**Provided data:**
——
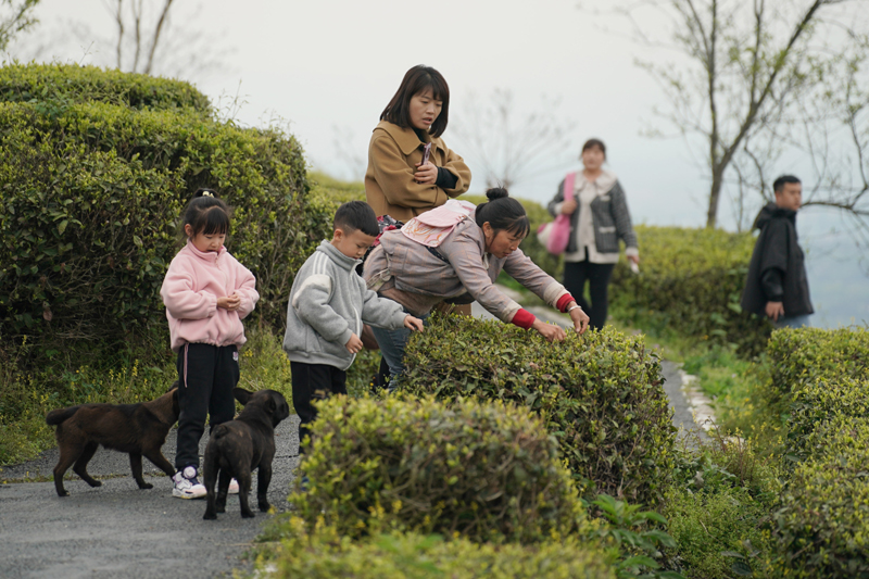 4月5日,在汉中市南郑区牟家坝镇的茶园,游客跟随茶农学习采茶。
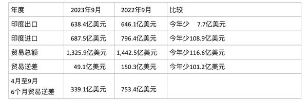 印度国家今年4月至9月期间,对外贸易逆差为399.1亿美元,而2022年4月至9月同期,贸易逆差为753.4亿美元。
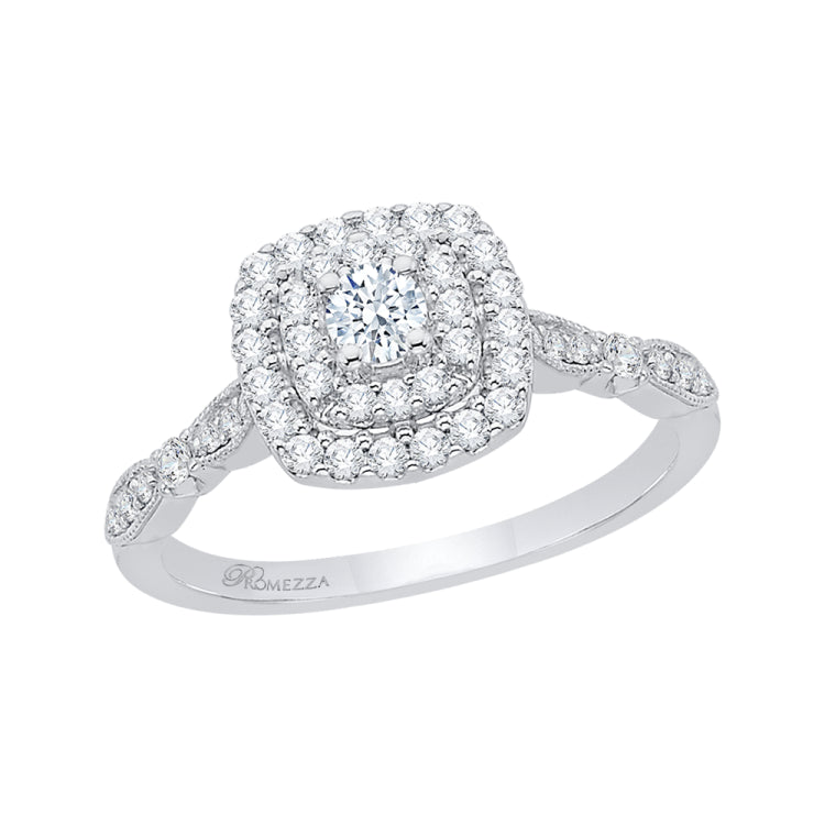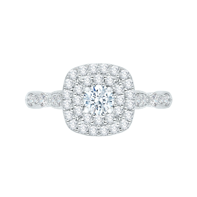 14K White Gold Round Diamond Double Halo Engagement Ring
——
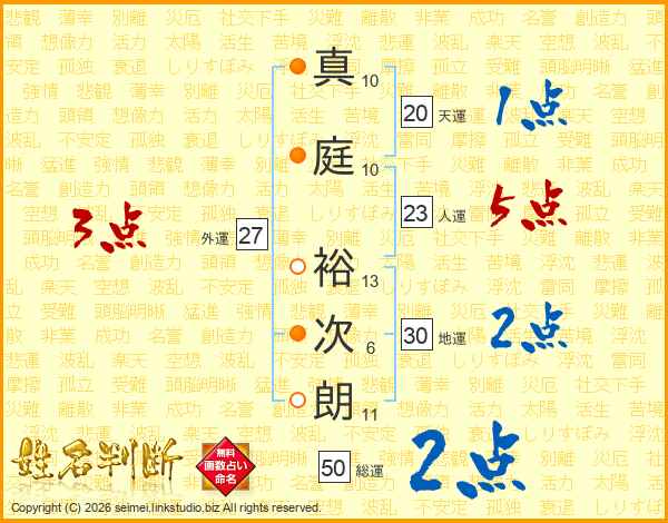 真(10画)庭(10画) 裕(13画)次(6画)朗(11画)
——
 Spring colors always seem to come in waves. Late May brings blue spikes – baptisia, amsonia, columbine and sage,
——
**Task goal:**
Given the entries above, transcribe exactly the lines from the one holding "印度国家今年4月至9月期间,对外贸易逆差" through the one holding "14K White Gold"; pictures do not belong in the transcription.

**Solved exercise:**
 印度国家今年4月至9月期间,对外贸易逆差为399.1亿美元,而2022年4月至9月同期,贸易逆差为753.4亿美元。
 14K White Gold Round Diamond Double Halo Engagement Ring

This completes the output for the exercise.